Extracted data entries
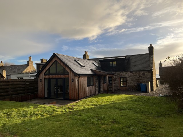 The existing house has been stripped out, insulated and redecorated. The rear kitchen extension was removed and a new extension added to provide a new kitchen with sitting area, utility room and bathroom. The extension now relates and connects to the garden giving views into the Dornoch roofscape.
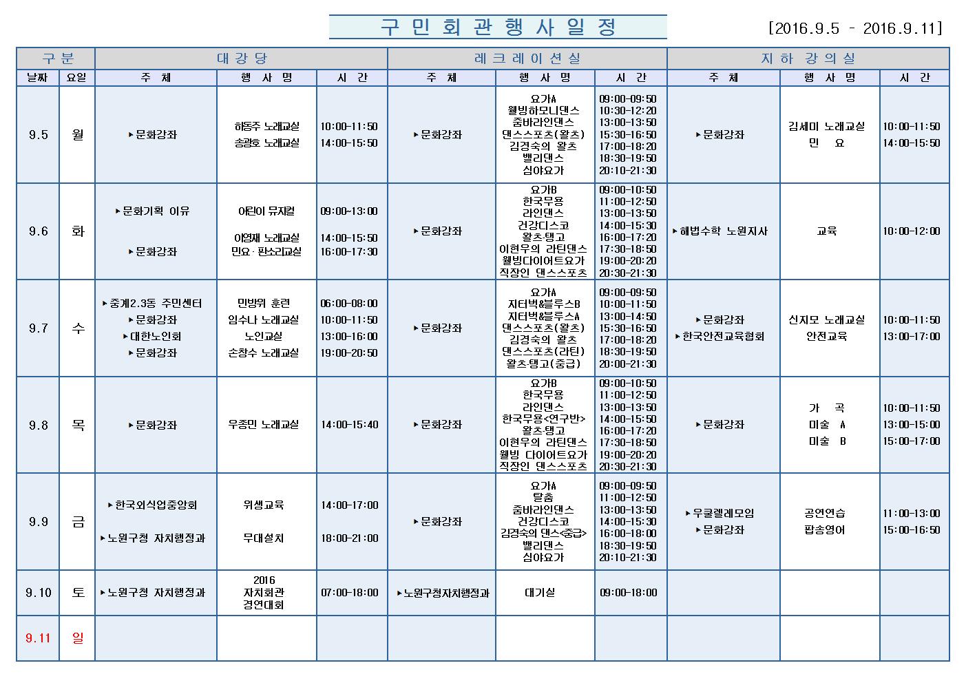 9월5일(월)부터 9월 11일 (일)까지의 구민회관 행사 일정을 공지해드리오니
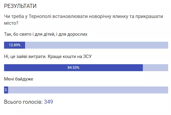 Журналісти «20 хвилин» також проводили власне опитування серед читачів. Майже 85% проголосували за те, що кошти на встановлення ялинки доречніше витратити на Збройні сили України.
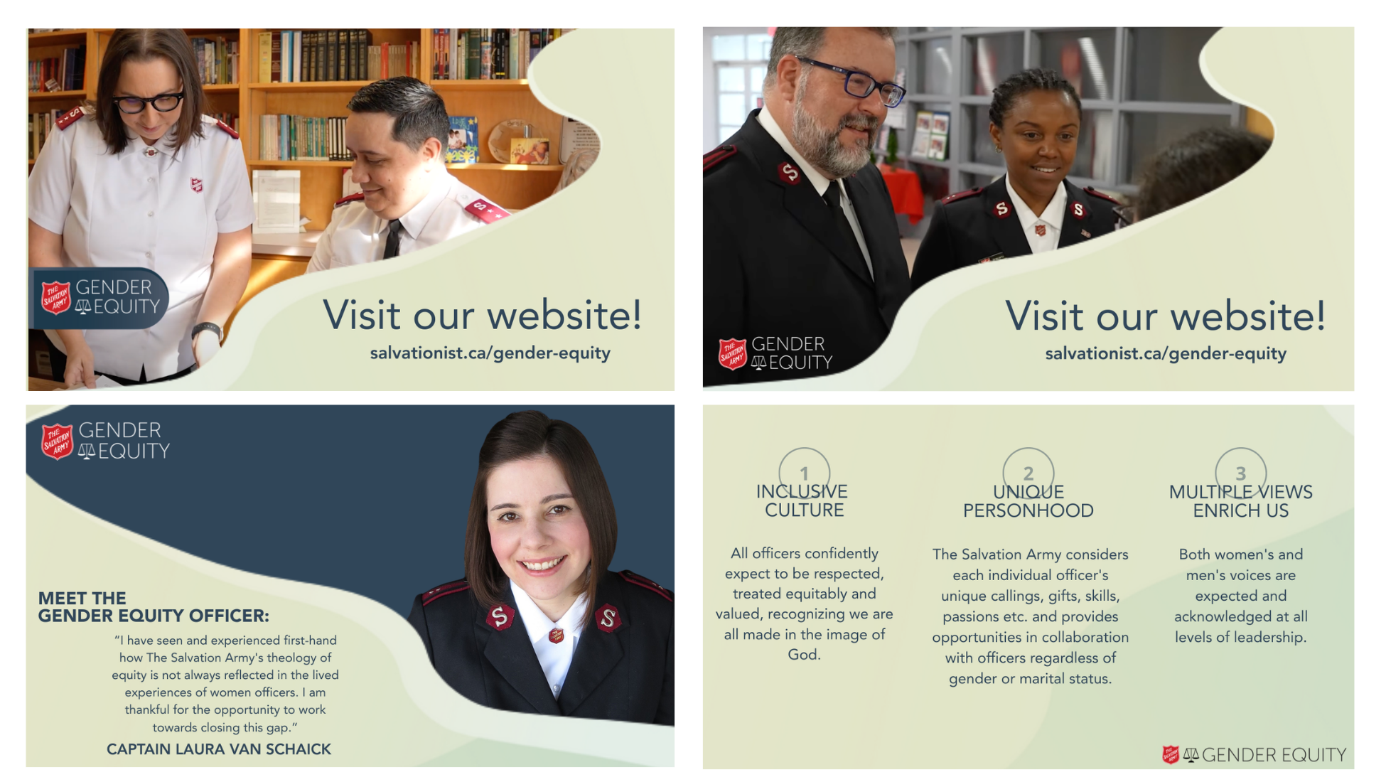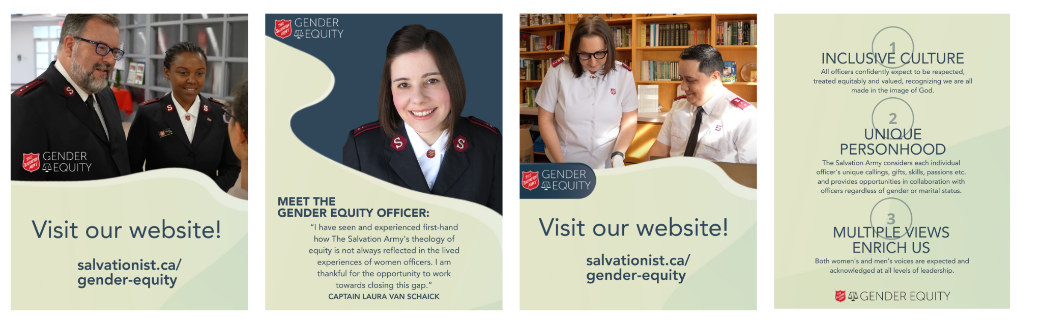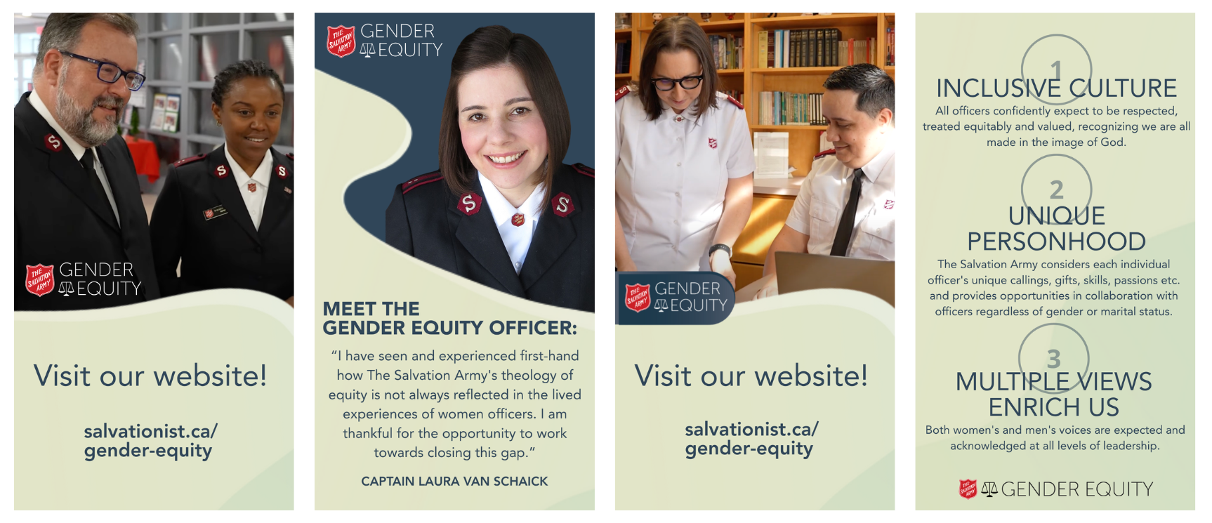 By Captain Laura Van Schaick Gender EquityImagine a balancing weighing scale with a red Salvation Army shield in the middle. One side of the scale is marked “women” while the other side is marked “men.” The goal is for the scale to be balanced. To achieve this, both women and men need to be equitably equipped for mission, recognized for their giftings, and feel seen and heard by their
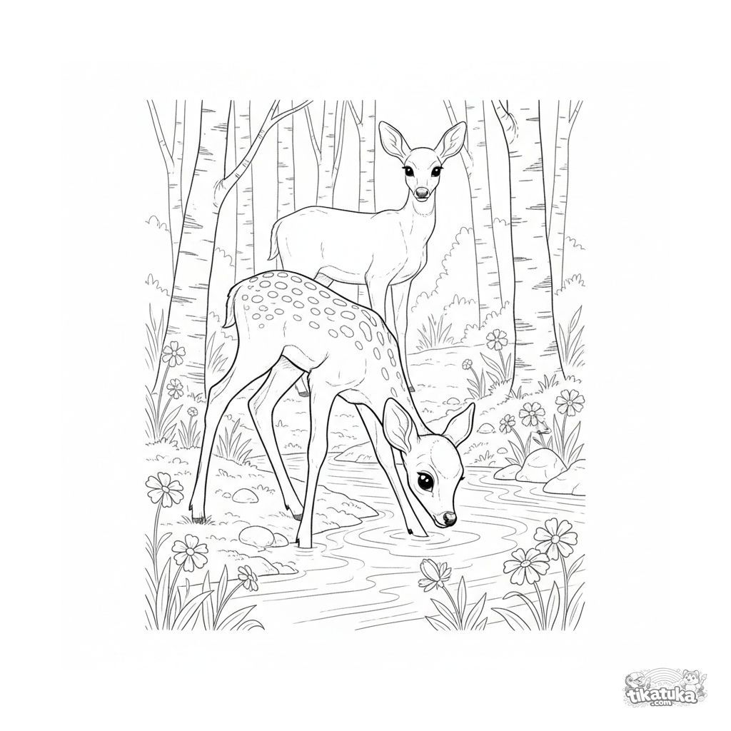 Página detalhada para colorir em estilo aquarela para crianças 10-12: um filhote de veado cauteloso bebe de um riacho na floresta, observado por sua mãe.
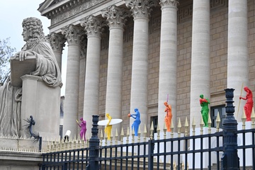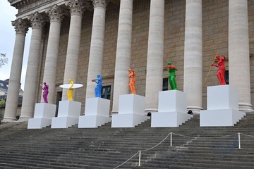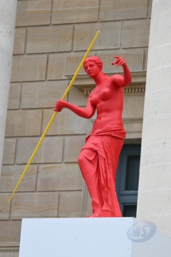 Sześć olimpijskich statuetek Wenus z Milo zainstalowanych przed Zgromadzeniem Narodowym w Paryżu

- Exercise prompt
Omit all pictures, and repeat exactly the lines from the line containing "By Captain Laura" through the end of the data.

- Problem solution
 By Captain Laura Van Schaick Gender EquityImagine a balancing weighing scale with a red Salvation Army shield in the middle. One side of the scale is marked “women” while the other side is marked “men.” The goal is for the scale to be balanced. To achieve this, both women and men need to be equitably equipped for mission, recognized for their giftings, and feel seen and heard by their
 Página detalhada para colorir em estilo aquarela para crianças 10-12: um filhote de veado cauteloso bebe de um riacho na floresta, observado por sua mãe.
 Sześć olimpijskich statuetek Wenus z Milo zainstalowanych przed Zgromadzeniem Narodowym w Paryżu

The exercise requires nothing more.